Oedipus Tyrannus was originally recorded back in July 1974, but for some unconceivable reason it was never released due to the group being somehow unsatisfied with the final product, resulting in it being reduced to the realm of whispered rumours and incomplete bootleg jobs for decades. It is thanks to Steven Wilson of Porcupine Tree/Bass Communion that a complete, properly mixed, official release of this “lost album” finally manifested as part of the recent 18-disc boxset titan In Search of Hades: The Virgin Recordings 1973-1979.
Ignoring the hype about its “rare lost album” status or before even taking into account the actual qualitative merits of the music itself, Oedipus Tyrannus is a very important recording acting as a snapshot into a critical transitional period for the group.
This album was recorded as the immediate successor to the breakthrough record Phaedra of classic line-up Edgar Froese, Christopher Franke and Peter Baumann; and yet its sound is a chronological step “backwards” to the cryptic dark sonic abysses of the group’s legendary Ohr label-era releases such as Zeit, Atem and the similarly unreleased/rare Vampira OST; while also seamlessly displaying the first prototypes of the spacy synth textures of 1975’s Rubycon.
It should go without saying that this album is a must have for any Tangerine Dream or general Electronic fan, to say nothing of those who have the strongest preferences for the mysterious iconic sound of those earliest TD records which bring to mind stylistic reminiscences of both Penderecki and 1968-71 era Pink Floyd, alongside obvious prefigurations to both Lustmørd and later Steve Roach, while ultimately not actually sounding quite like anything before or since.
The sonic ground explored in these tracks is among the most expansive and diverse of any individual Tangerine Dream record.

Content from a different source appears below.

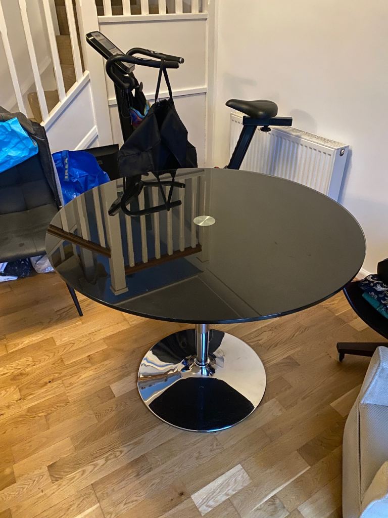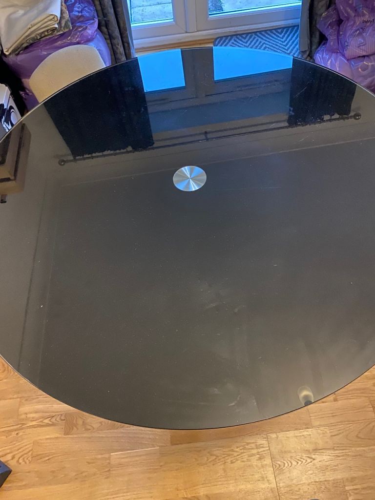 Black glass dining table in good condition. Room for 4 chairs

From the idiosyncratic sequencer ambush of “Battle”, to the hazy reverie of “Baroque”, to serious cosmic depths of void soundscapes “Overture”, “Act 1”, “Zeus” which comprise the majority of the record, to the concluding conspectus of “Act 3”… Oedipus Tyrannus is a genuinely monumental effort that is difficult to overstate.

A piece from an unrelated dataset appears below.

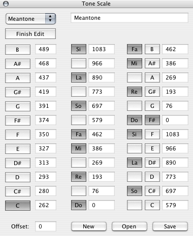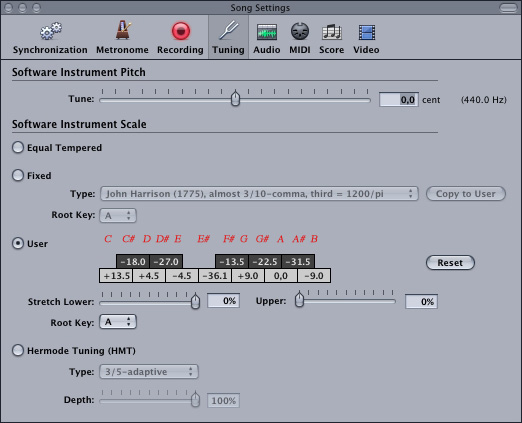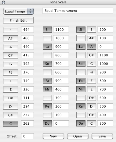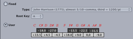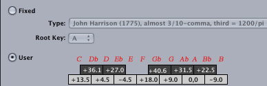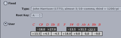 instruments. Values are set in + or - cents for the twelve

It is also worth mentioning that the present author has listened to almost every single Tangerine Dream release, and out of those 120+ logged recordings, Oedipus Tyrannus unquestionably (at bare minimum) ranks among the All-Time Top 10.
While it would perhaps be unfair (though fitting!) to bestow the title of “Album of the Year 2019” upon an album from the 70’s, I will be pleasantly surprised if anything in the next 5 months will manage to surpass this.